Original post: http://businessvalueexchange.com/brains-are-machines-series-blog-1-shifting-sands/ The industrial revolution saw the landscape of Britain transformed from rural & agricultural to urban & industrial. The mass exodus of people from the country into the city represented a fundamental shift in the social fabric of the country.
The companies themselves were able to recruit and retain low-skilled workers, working on high-cost machinery that required constant maintenance and investment. The machines had maintenance schedules, were constantly oiled, monitored, measured, and had parts regularly replaced because they were the core contributor to the profitability of a company.
A worker leaving the company had little impact on the capability of the business to create its product.

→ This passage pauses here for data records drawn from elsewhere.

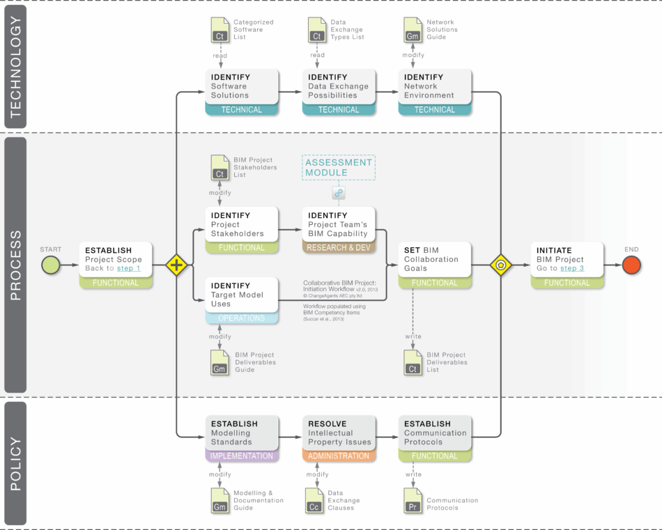The Competency-based workflow uses BIM competency items from across several Competency Sets to clarify a specific process – how to initiate a collaborative BIM project.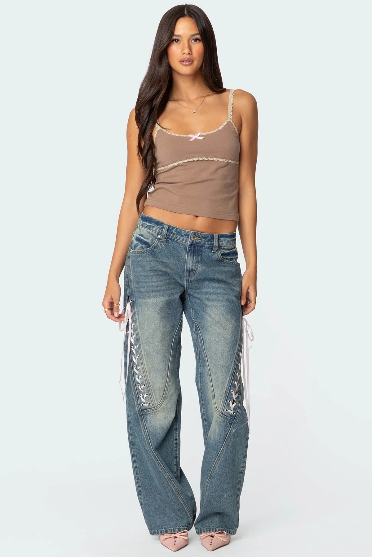 Stay stylish and comfortable in this brown lace trim sleeveless top. Featuring adjustable straps, contrast lace detailing, and a charming center bow. Crafted from a blend of cotton and spandex for a perfect fit. Ideal for everyday wear, pair it with your favorite bottoms for a chic look that will turn heads. This top is machine washable for easy care. Available in sizes XS to XL.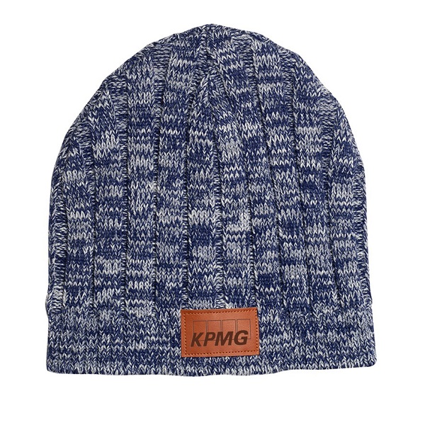BR-1530 Heathered Knit Navy Beanie Heathered Acrylic blend knit beanie with PU faux leather patch on front cuff debossed with KPMG logo.Hand-wash only. Do not iron.Minimum to order: 25Please allow 7 business days for production***PLEASE NOTE: FREIGHT CHARGE IS ACTUAL FREIGHT QUOTED TO YOU AND WILL BE CHARGED WHEN ORDER IS SHIPPED AND BILLED*** Price: $9.99 ea.

The information age has brought with it a shift in power toward the knowledge worker due to the nature of work. The information worker is a higher-cost resource, holds more tacit knowledge and intrinsically more value to a business, as their knowledge is part of the whole make-up and fabric of a company. Put bluntly “their brain is part of the machinery”. And therefore a business has more reliance on its people as resources, rather than its machinery (or infrastructure).
A worker leaving the company has a larger impact on the capability of the business to create its product or service. Tacit knowledge is leaving the business, a new worker is required and their induction into the collective takes far longer and costs a lot more.
So if brains are the machinery of your company, what kind of shape are they in?
How much are you investing in them, what does their maintenance schedule look like?
The software industry has a scarcity of resource, and this scarcity of resource has existed for a number of years. In the manpower survey of 2012, 25% of EMEA employers reported difficulty filling jobs due to a lack of available talent. It has led to you being in a talent war, having to pay c20% fees for recruitment of team members before they’ve walked through the door. Also, your best ‘machinery’ is at risk of being head-hunted by the competition.
So if you’re paying c20% to a 3rd party just to bring talent through the door, and your best talent is at risk of being pinched, how much should you be paying to develop and maintain that talent?